[Dataset excerpts]

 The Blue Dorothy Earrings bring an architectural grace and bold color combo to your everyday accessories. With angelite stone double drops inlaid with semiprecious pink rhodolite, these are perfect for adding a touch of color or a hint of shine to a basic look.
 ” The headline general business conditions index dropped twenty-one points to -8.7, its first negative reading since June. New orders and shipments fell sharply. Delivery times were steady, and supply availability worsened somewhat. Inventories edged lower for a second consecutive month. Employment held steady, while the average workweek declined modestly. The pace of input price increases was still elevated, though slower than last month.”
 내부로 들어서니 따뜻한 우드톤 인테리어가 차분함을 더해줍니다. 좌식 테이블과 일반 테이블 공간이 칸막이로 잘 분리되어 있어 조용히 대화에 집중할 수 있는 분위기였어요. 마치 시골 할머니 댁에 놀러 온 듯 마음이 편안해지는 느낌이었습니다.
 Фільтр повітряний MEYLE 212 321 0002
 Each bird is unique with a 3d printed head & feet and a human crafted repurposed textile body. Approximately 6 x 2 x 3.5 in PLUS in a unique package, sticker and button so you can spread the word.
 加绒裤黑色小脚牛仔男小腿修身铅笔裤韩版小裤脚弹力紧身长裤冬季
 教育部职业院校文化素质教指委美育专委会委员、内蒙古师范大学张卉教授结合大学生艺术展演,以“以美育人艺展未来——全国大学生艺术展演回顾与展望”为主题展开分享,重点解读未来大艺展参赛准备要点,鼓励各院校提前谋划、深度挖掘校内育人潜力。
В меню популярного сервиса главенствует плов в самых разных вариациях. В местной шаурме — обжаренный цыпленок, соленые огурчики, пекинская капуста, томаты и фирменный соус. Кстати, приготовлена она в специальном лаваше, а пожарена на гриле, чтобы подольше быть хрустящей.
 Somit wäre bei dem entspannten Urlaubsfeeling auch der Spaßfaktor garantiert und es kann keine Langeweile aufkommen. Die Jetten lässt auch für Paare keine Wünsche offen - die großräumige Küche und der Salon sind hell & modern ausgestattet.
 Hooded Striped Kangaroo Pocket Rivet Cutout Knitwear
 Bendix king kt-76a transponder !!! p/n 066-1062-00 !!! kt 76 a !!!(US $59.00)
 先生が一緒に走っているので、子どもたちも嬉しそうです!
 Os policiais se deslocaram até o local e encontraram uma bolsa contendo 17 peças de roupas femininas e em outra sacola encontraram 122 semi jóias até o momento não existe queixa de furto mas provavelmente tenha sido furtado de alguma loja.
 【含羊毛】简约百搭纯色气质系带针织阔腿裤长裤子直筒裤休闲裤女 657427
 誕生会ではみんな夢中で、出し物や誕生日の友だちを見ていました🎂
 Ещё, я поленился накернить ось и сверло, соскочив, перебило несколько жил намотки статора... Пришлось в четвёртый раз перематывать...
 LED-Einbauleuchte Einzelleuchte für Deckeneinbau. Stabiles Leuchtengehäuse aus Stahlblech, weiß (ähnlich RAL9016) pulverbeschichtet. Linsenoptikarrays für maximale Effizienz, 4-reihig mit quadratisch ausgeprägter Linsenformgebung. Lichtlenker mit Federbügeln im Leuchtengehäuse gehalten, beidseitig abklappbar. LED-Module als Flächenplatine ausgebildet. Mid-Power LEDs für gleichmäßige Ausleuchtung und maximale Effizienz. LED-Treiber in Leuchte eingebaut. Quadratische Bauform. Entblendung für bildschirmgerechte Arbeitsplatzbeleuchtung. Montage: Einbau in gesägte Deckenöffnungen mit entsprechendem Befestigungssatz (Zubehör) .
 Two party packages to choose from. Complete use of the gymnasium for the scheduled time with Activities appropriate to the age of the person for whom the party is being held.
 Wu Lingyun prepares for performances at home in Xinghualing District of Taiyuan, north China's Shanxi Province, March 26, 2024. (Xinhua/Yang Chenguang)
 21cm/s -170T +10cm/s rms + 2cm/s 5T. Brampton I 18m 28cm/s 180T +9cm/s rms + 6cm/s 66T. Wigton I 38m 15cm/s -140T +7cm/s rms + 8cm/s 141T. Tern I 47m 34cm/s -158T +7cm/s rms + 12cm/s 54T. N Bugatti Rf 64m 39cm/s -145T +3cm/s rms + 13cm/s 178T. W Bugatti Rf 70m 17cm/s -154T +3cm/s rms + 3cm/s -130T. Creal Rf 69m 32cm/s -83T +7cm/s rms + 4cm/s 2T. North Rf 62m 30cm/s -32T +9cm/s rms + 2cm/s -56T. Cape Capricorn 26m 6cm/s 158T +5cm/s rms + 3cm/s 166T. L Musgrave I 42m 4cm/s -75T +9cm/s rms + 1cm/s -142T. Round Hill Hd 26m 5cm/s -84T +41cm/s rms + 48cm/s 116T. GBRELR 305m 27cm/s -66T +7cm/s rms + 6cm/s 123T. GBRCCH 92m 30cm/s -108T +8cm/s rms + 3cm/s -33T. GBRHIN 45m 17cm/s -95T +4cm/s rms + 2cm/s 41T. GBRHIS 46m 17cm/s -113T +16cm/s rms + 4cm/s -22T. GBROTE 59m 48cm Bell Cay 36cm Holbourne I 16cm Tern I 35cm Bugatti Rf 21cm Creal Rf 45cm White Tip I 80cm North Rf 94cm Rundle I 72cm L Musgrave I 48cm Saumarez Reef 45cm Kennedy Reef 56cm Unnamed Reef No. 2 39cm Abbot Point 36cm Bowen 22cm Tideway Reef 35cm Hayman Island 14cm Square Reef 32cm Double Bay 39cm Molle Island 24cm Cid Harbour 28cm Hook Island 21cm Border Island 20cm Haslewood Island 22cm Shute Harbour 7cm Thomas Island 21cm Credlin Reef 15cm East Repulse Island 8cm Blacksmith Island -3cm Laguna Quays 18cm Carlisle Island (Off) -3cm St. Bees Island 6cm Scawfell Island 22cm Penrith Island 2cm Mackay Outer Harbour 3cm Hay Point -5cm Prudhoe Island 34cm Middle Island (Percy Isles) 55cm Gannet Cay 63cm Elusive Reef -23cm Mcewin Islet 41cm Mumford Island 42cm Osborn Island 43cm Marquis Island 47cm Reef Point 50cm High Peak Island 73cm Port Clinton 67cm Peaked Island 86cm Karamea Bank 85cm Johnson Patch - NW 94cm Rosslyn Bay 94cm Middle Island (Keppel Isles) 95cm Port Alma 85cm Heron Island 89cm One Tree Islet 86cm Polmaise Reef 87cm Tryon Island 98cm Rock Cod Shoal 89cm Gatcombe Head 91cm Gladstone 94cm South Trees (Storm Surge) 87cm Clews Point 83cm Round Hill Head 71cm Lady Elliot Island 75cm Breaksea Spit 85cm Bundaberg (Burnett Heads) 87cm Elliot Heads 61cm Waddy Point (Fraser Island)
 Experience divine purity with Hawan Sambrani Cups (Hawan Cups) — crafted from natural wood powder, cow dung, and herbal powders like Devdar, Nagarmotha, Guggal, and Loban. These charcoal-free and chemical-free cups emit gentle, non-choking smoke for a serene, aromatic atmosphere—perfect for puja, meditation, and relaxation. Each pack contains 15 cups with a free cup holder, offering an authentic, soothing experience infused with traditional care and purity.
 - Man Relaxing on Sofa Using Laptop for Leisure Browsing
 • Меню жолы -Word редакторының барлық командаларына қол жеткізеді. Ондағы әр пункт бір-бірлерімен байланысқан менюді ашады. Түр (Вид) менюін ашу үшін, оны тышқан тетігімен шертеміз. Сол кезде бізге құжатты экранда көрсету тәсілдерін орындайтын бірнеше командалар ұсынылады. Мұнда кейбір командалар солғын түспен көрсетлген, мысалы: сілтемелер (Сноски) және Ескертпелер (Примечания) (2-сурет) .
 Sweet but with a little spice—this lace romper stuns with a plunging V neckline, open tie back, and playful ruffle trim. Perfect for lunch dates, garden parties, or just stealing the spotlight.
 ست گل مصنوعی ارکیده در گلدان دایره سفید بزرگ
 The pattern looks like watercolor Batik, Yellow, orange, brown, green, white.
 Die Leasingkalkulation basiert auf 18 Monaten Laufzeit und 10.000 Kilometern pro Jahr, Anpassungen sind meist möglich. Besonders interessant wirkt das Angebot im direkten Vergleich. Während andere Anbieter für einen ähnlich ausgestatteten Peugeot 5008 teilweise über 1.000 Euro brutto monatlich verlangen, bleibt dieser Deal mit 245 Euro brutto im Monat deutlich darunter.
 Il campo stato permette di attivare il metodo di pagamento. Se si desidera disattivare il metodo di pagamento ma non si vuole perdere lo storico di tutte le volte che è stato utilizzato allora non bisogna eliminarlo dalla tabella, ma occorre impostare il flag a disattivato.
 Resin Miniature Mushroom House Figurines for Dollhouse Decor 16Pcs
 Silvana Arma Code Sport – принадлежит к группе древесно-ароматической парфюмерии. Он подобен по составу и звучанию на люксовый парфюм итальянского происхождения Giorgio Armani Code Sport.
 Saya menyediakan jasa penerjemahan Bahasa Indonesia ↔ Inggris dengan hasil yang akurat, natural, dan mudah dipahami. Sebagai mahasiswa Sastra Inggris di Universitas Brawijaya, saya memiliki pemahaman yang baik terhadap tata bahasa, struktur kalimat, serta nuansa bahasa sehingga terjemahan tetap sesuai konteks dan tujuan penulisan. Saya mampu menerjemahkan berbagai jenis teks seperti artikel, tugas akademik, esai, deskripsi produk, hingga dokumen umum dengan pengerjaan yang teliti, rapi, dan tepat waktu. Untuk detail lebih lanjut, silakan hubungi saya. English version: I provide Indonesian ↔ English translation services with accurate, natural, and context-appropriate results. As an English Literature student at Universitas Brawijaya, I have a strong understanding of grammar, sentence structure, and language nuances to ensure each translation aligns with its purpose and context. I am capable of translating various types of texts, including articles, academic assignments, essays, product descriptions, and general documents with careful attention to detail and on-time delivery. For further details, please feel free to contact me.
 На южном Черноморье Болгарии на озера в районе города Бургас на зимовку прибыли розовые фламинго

TASK DESCRIPTION:
Exactly how many lines in the data above hold "from"? State that number only.

ANSWER SECTION:
2